To examine the importance of LYM1 and LYM3 for the activation of PGN-inducible defenses in Arabidopsis, we isolated homozygous LYM1 or LYM3 T-DNA insertion mutants (lym1-1, lym1-2, lym3-1, lym3-2, ecotype Col-0) (SI Appendix, Fig. 6). When treated with PGN, all mutant alleles showed strongly reduced PGN-inducible marker gene expression (SI Appendix, Fig. 7). No reduction in FRK1 marker transcript levels was observed when lym1 and lym3 mutant genotypes were tested for chitin-inducible FRK1 expression (SI Appendix, Fig. 7), suggesting that LYM1 and LYM3 mediate a PGN-specific plant response. We further examined PGN-induced alterations in total gene expression in Col-0, lym1-1 and lym3-1 mutants. Seven hundred and fifty genes were differentially expressed in PGN-treated wild-type plants, 411 or 339 genes, respectively, of which expression was enhanced or reduced in PGN-treated Col-0 plants (Fig. 2 A and B; http://www.ncbi.nlm.nih.gov/geo, Gene Expression Omnibus accession no. GSE28004). Expression of virtually all PGN-responsive genes was altered in either lym1-1 or lym3-1 genotypes, suggesting that both LYM1 and LYM3 mediate activation of PGN responses. Deregulation in additional lym1-2 and lym3-2 alleles of PGN-responsive genes At1g51890, MLO12, PAD3, and CYP71A13 was confirmed by reverse transcription–quantitative PCR (RT-qPCR) (SI Appendix, Fig. 7). Importantly, lym1, lym3, as well as lym3 lym1 mutant alleles proved supersusceptible to infection with the virulent strain PtoDC3000 relative to Col-0 (Fig. 2C). Likewise, a lym3-1/p35S::GFP-LYM3 line used in LYM3 protein localization studies (Fig. 1B) or a genomic LYM3 complementation line exhibited wild-type levels of basal immunity (SI Appendix, Fig. 8 A and B). Increased growth on lym3 mutants was also found for nonpathogenic PtoDC3000 hrcC− and hypovirulent PtoDC3000 ΔAvrPto/PtoB strains (SI Appendix, Fig. 8 C and D). Altogether, we conclude that a lack of either LYM1 or LYM3 compromises PGN responsiveness. Further, a lack of LYM1, LYM3, or both proteins compromises immunity to bacterial infection. It is important to note here that supersusceptibility levels did not differ between lym single mutants and two double-mutant lines (Fig. 2C). This finding argues against functional redundancy in LYM1- and LYM3-dependent PGN-inducible immunity, and is in agreement with a cooperative role of both proteins in PGN sensing and immune activation.

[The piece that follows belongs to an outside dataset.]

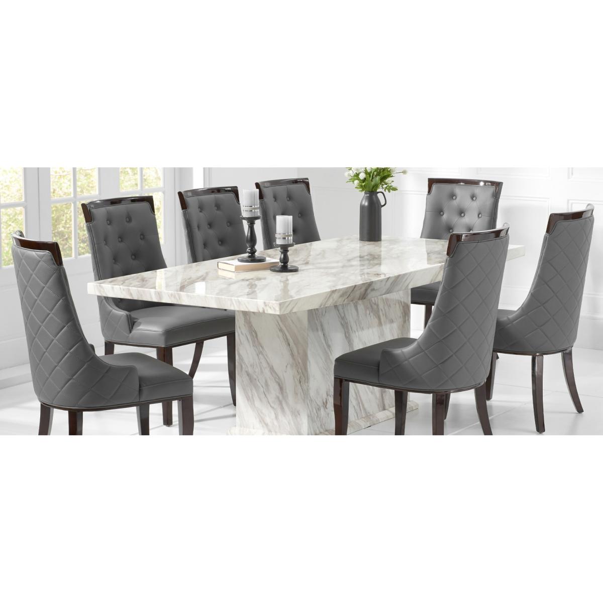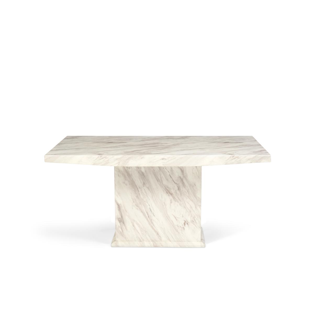 A dynamic and gracious pedestal supports the Marino dining table with matching marble textures, exhibiting elegance, sophistication, and glamour.

LysM Receptor Kinase CERK1 Is Required for Sensitivity to PGNs and Immunity to Bacterial Infection.
PGN-mediated immune stimulation requires initiation of an intracellular signal transduction cascade culminating in stimulus-dependent reprogramming of the transcriptome. As LYM1 and LYM3 lack cytoplasmic domains, transmembrane signaling likely requires an additional protein(s). Recently, an Arabidopsis mutant lacking the PRR CERK1 [CERK1 binds fungal chitin and mediates basal resistance to fungal infection (23, 24, 28, 29)] was shown to be compromised in immunity to bacterial infection (30). Moreover, chitin recognition and immunity to fungal infection in rice require the LysM domain proteins OsCEBiP and OsCERK1 (22, 25). We thus assumed that CERK1, in addition to LYM1 and LYM3, might be involved in PGN sensitivity, resulting in immunity to bacterial infection. Notably, cerk1-2 mutants exhibited neither fungal chitin- nor bacterial PGN-inducible FRK1 gene expression (Fig. 3A). Likewise, microarray experiments revealed that PGN-induced transcriptome changes were strongly reduced in the cerk1-2 mutant (Fig. 3B), which was also confirmed for selected genes in the same as well as in a second cerk1 allele, cerk1-3 (SI Appendix, Fig. 9 A and B). Further, we confirmed reported findings (30) that cerk1-2 mutants are supersusceptible to PtoDC3000 infection (SI Appendix, Fig. 9C). Thus, we provide evidence for the involvement of CERK1 in both PGN sensitivity and immunity to bacterial infection.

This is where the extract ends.